今朝の朝日新聞に、韓国済州島への中国の投資移民に関する以下の記事が掲載されていました。

(波聞風問)中韓急接近 済州島が映す異なる視座(朝日新聞2015.1.18)
http://digital.asahi.com/articles/DA3S11557071.html

「韓国の「ハワイ」とも呼ばれる済州島(チェジュド)。世界自然遺産の韓国最高峰、漢拏山(ハルラサン)のふもとに、高級チャイナタウンが姿を現しつつある。

「熱烈歓迎参観」。
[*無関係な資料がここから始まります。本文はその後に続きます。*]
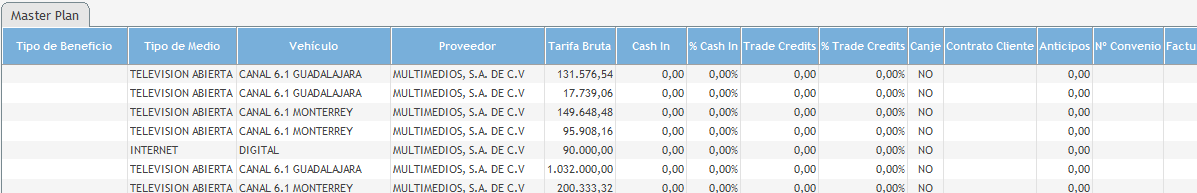 << Haga click para ver la Tabla de Contenidos >> Navegación: Medios > Planificación de Medios > Listado Master Plan |

ハングルではなく、赤い漢字がおどる。中国の不動産大手「緑地集団」が手がけるマンション「漢拏山小鎮」。1戸約200平方メートルが、約9億ウォン(約9800万円)する。

「お客は中国人です」。ショールームの中国人社員は、明言する。微小粒子状物質PM2・5の数値を北京や上海と比べた広告で、環境の良さも強調している。2013年から400戸を売り出し、8戸を残すのみという。

島に住む翻訳家の男性(40)はこぼす。「高台の高級マンションから、中国人に見おろされている気分だ」。娯楽施設など周辺であいつぐ開発計画をめぐって、環境破壊を懸念する声もあがる。
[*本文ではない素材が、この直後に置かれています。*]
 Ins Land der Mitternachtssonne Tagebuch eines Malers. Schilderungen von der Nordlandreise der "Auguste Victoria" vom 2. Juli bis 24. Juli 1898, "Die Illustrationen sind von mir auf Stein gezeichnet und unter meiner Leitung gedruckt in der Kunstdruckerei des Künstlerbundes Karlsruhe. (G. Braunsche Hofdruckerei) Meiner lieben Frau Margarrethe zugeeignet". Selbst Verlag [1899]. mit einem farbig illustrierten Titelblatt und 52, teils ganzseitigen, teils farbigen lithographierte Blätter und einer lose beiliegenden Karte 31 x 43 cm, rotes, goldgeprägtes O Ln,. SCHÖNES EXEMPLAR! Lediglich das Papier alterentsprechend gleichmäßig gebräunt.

韓国紙中央日報によれば、中国人が所有する済州島の土地面積は、14年6月までの4年半で約300倍に。外国人全体の43%を占め、国別では米日を抜いて首位。5億ウォン以上投資すれば永住権につながる居住権を得られる制度も、中国人をひきつける。ホテルや店舗への投資もさかんだ。

観光が重要な収入源の島で、外国人客の9割近くが中国人。中国語が飛び交う免税店のそばで、「罰金」を示す看板に目がとまった。

信号無視は2万ウォン、たんをはいたら3万ウォン、あたりかまわず大小便をしたら5万ウォン――。中国語と英語、ハングルで記されている。近くの店員は「中国人観光客を意識したものです。マナーが良くない人もいる。でも大事なお客様ですからね」。

中国経済が急減速したり、関係悪化で中国政府が観光や投資を抑えたりしたら、島はどうなるのか。人口約60万人の済州島は、複雑な思いを抱きながらも中国依存を強める韓国の「最前線」にみえる。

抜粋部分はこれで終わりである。